Exhibit 2.3



                                October 14, 1999

Millennia Car Wash, LLC                        Millennia Car Wash, LLC
Attention: Eric Ottesen                   511 Encinitas Boulevard, Suite 100
c/o Excel Legacy Corporation                 Encinitas, California 92024
16955 Via del Campo, Suite 110
San Diego, CA 92127

Re:       Real Estate and Asset Purchase Agreement dated March 23, 1999, by and
          between Millennia Car Wash, LLC ("Millennia"), Excel Legacy
          Corporation and G II Ventures, LLC ("Members"), and American Wash
          Services, Inc. ("AWS"), as amended by Amendment No. 1 dated as of
          March 30, 1999, by and between the same parties (as so amended, the
          "Agreement")

Sirs:
      Reference is made herein to the transactions set forth in the Agreement.
Terms in this Letter which are capitalized shall have the meanings given the
terms in the Agreement, unless the capitalized term is specifically defined in
this Letter.  The parties hereto hereby agree as follows:

     1.   The parties acknowledge that AWS, on July 1, 1999, merged into a
wholly-owned subsidiary of the Successor Corporation, Mace Wash, Inc., which
thereby succeeded to all of AWS' rights and obligations under the Agreement.
The parties agree and acknowledge that Sellers shall perform their obligation
under the Agreement to convey and assign the Assets and Owned Real Estate by
conveyance and assignment of the Assets and Owned Real Property to a different
wholly-owned subsidiary of Successor Corporation, Mace Car Wash, Inc., which
shall be deemed to be the Purchaser under the Agreement.

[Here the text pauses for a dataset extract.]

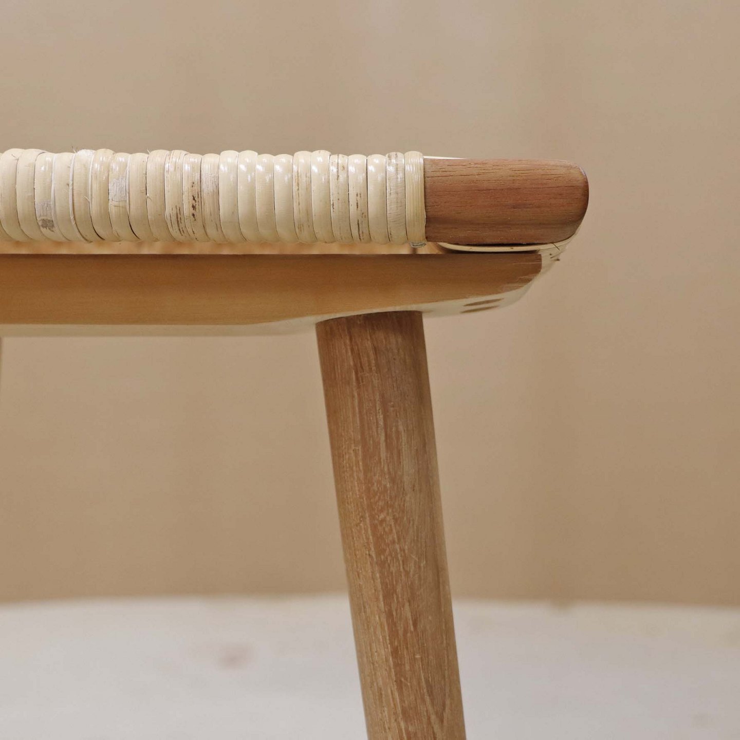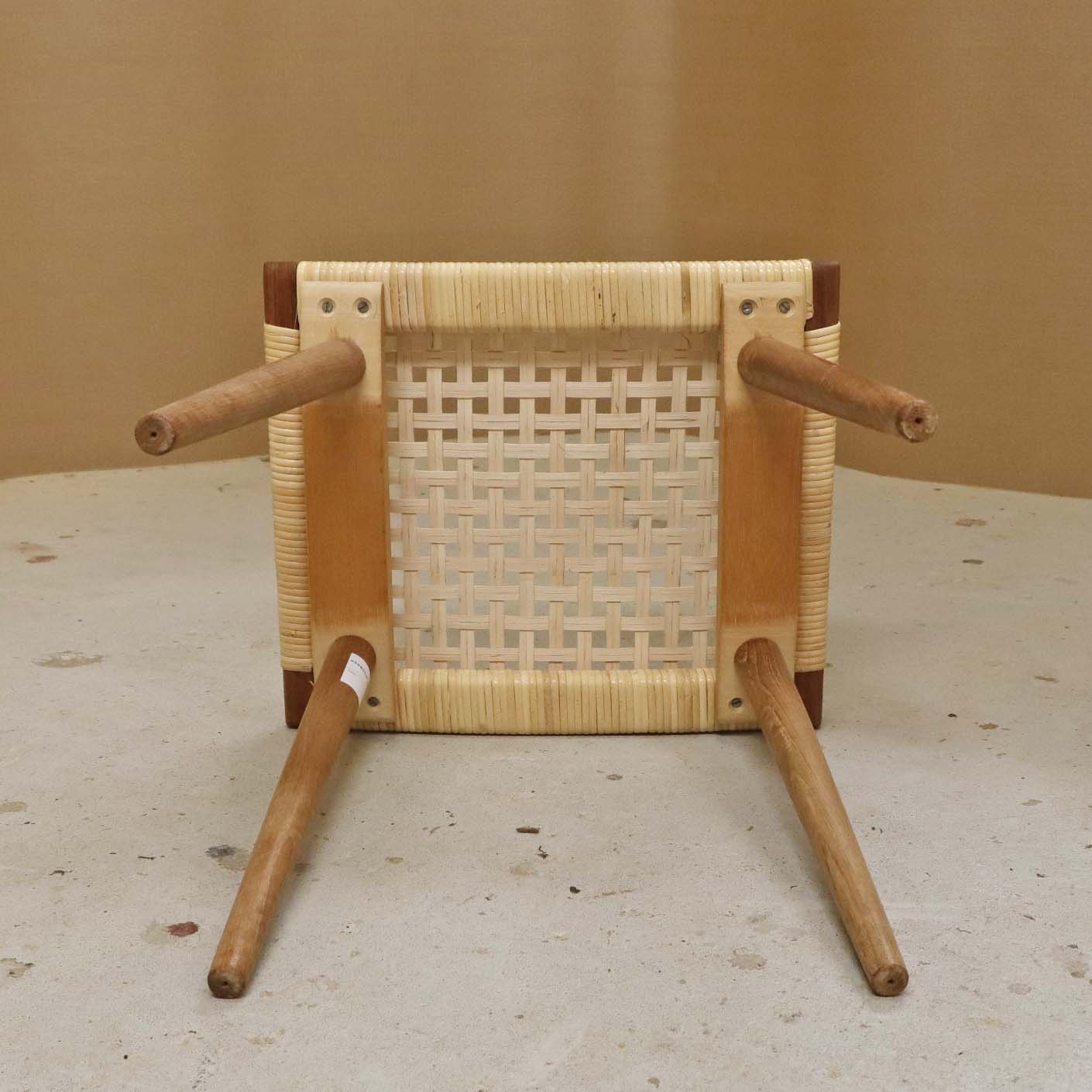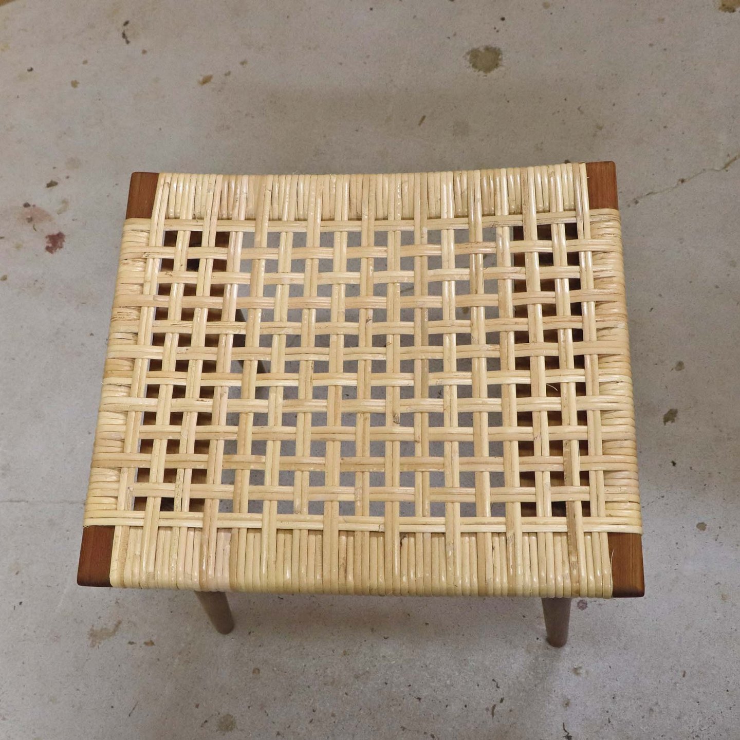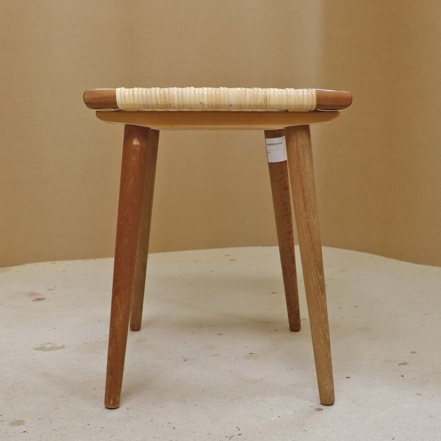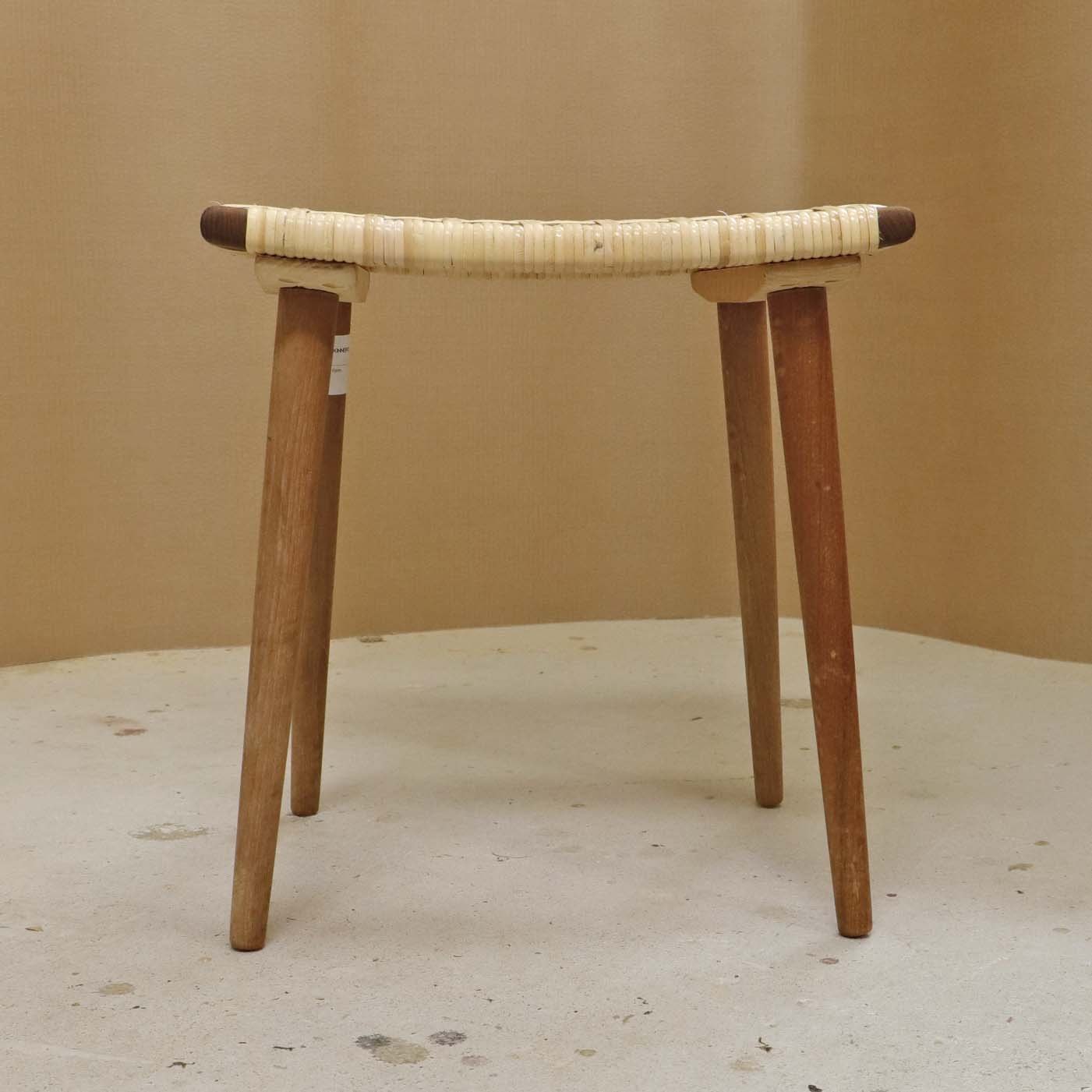 Lille skammel med stel i teaktræ og sæde i ny rørflettet bambus.
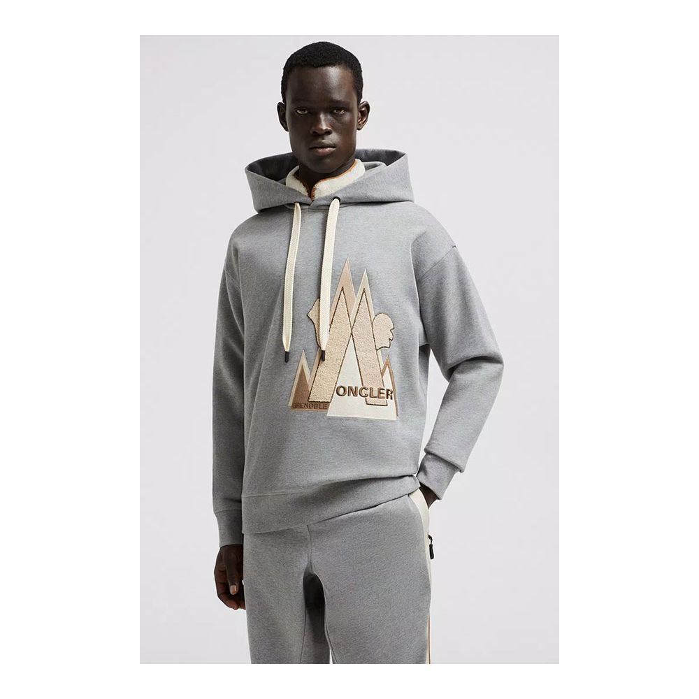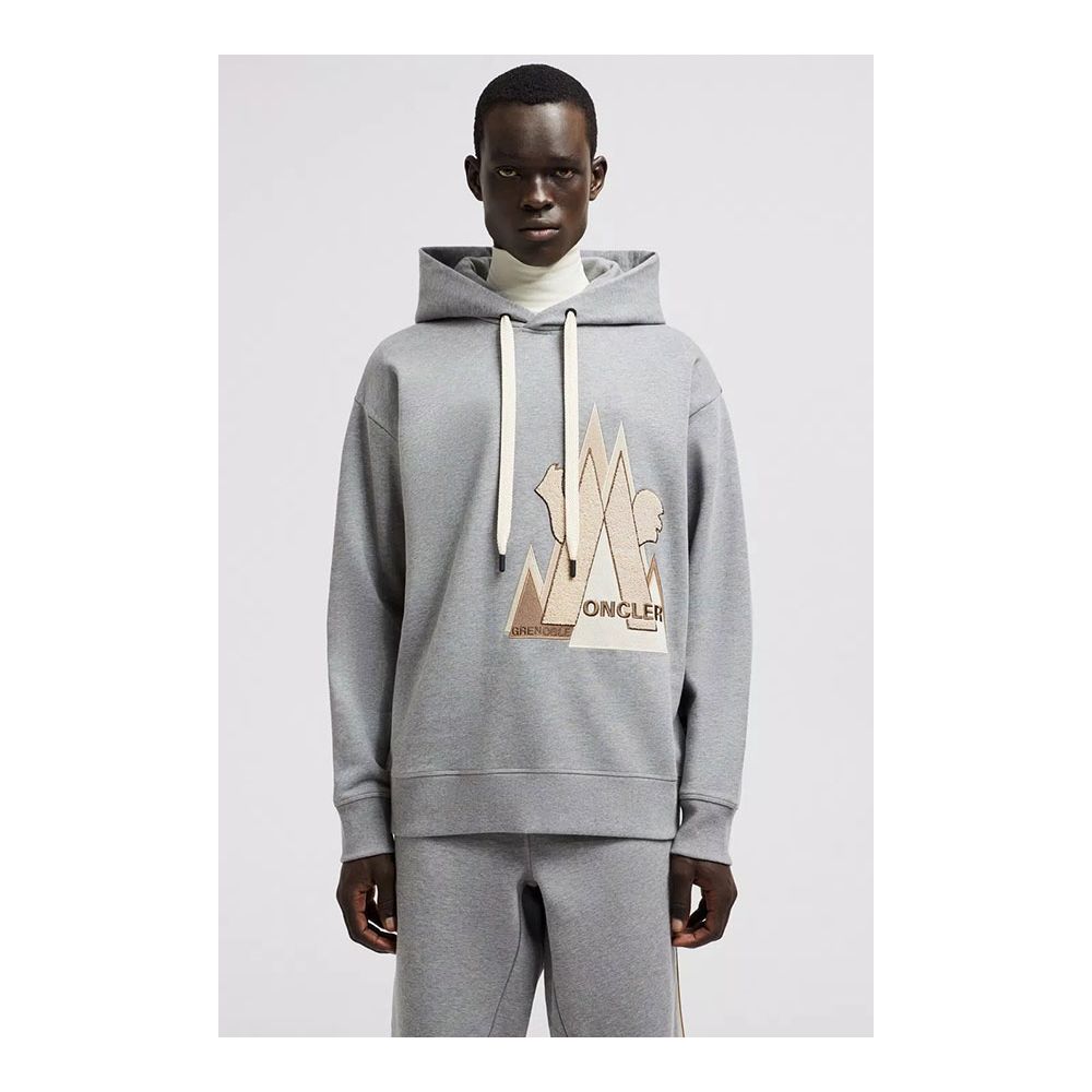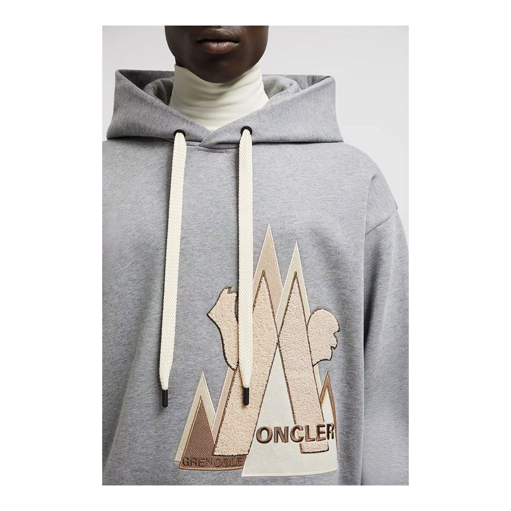 Moncler, Grenoble sweatshirt, 100% cotton color gray, with hood, embellished with drawstring and logo patch on the front.

     2.   The parties acknowledge and agree that the form of Registration Rights
Agreement attached hereto as Exhibit A shall be delivered and executed at
Closing in lieu of the form attached to the Agreement as Schedule 1.9(a)(vii).

     3.   Sellers acknowledge that certain claims, as set forth hereinafter,
have arisen for which Purchaser would be entitled to indemnification under the
Agreement.  Purchaser agrees that it shall indemnify the Sellers against all
claims set forth in items (i) and (ii) following and shall not make any claim of
indemnity under the Agreement arising out of the claims set forth in items (i),
(ii) (iii), and (iv) following: (i)  liabilities and obligations under that
certain Operating Agreement dated August 27, 1998, by and between Millennia and
Quality Car Wash No. 2, Inc., and Quality Quiq Lube, Inc., (ii) payments for the
purchase of the business book described in and arising out of Paragraph 2 of
that certain First Amendment to Car Wash Asset Purchase/sale Agreement dated
June 10, 1998, by and between Quality Car Wash No. 2, Inc., Quality Quiq Lube,
Inc., and Millennia, or


(iii) the representations and warranties set forth in
Section 3.8 of the Agreement being false, or (iv) that Seller did not perform
its obligations under Section 5.11(iii) of the Agreement.  For purposes of this
Letter, the claims set forth in items (i) and (ii) above are referred to as the
"Quality Claims" and the claims set forth in items (iii) and (iv) above are
referred to as the "Financial Warranty Claims."  In exchange for Purchaser
accepting all liability for the Quality Claims and releasing Sellers from the
Financial Warranty Claims, Sellers shall return a portion of the Consideration
Stock received under the Agreement equal to 587,678 shares.  The 587,678 shares
of Consideration Stock being returned are a portion of the 1,486,428 shares
which were valued at $7.00 per share pursuant to the Agreement.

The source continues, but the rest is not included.